This also applies if several sheets originate from the same feed unit when starting up. However, the measured time errors can then be averaged over existing sheets, which leads to a more reliable correction of the starting times of the sheets still to be launched, namely according to the invention in that, if several originating from the same feed unit sheets in the transport path section between the feed unit and the location of the sensor (S2) at the time of registration of the arrival time of the first arriving at the sensor sheet of these sheets, for this first registered sheet and for subsequent path in the transport path section from the same feed unit respectively the time difference between the registered arrival time (actual time ) of this registered sheet and the estimated time of arrival (DESIRED) calculated from its start time, and each time as a correction value for the correction for the starting time for feeding at least one next sheet, d is still in the same feed unit from which also the registered sheet originates, is used from this feed unit into the transport path, but each divided by the number n ₁ of the sheets located in the transport path section from this same feed unit.

However, in order to maintain its speed in the described approach algorithm, if the number of sheets in the transport path section from the same feed unit is too large, the time difference of all these sheets is not taken into account for correction, but rather it is preferred that the number n _{1 be} in the transport path section Arcs from this feed unit are taken as dividers only if they do not exceed a fixed maximum number n ₂ , which is an element of the set of natural numbers, and otherwise this maximum number n _{2 is} taken as a divisor instead of the actual number n ₁ .

For example, n ₂ could be set equal to 3.

In this case, it is then preferably provided that only those sequence sheets lying in the transport path section which follow the first registered sheet are used to calculate correction values whose serial number, counted from the first registered sheet, is less than or equal to the set maximum number n ₂ during the further follow-on sheets with a sequence number greater than n ₂ and less than or equal to n _{1 are} disregarded for a correction of new sheets to be fed from the feed unit.

If the printing press has started up and the paper run is calibrated by the described algorithm, in the subsequent operation of the printing press, preference is given to a dynamic operating algorithm as an operating algorithm, which is characterized in that the time deviation between the registered arrival time (actual time) of each at the sensor (S2) incoming arc and the expected time of arrival calculated from its start time and determined as a correction value for the correction for the start time or as a correction of the already prepared for the correction of this starting time correction value of the next arc, which is still in the same feed unit from which also the registered sheet originates, is used for the supply from this feed unit in the transport path provided in sheet, but each divided by the number n ₁ in the transport path section together with the respective re Registered sheet straight sheets from this same feed unit.

This change-over in the operating algorithm is preferably carried out after the unaccounted for correction arcs of the numbers n ₂ + 1 to n ₁ of the Anfahralgorithmus have passed the sensor.

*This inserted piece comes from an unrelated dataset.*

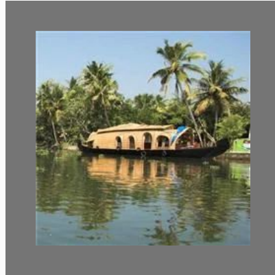
Kerala Tour Package Service

In this operating algorithm, too, however, overmodulation and control oscillations are to be avoided, which is preferably achieved by dividing, instead of the number n _1, a set value n ₃ , which is an element from the set of natural numbers, if n _{1 is} less than or equal to n ₃ is.

For example, n ₃ could be set equal to 5.

Since the transport path of a sheet to be printed on both sides is different from that of a sheet to be printed on only one side, in particular the return path is added to the transport path is provided for both sides to be printed sheets according to the invention with advantage that a start time for supplying a sheet, for a double-sided Printing is provided, is selected differently from one or the feed unit than for a sheet from the same feed unit, which is provided only for a one-sided printing.

The runtime errors that are likely to occur due to the return can also be precompensated in this way according to the invention.

A type of printing material can also be taken into account in this compensation.

Should nevertheless be determined with the sensor by registering the arrival times of these sheets to be printed on both sides, that despite the precompensation a runtime error will remain, so it should still be compensated according to the invention in the return path. For this purpose, a development of the invention provides that a group of double-sided sheets to be printed after printing their respective first pages to print their respective second pages in the transport direction before the printing unit transported back and turned and gets granted in this way a speed or a speed change, which is suitable for correcting or at least reducing a misplacement of these sheets in relation to a desired position, at least in the group means.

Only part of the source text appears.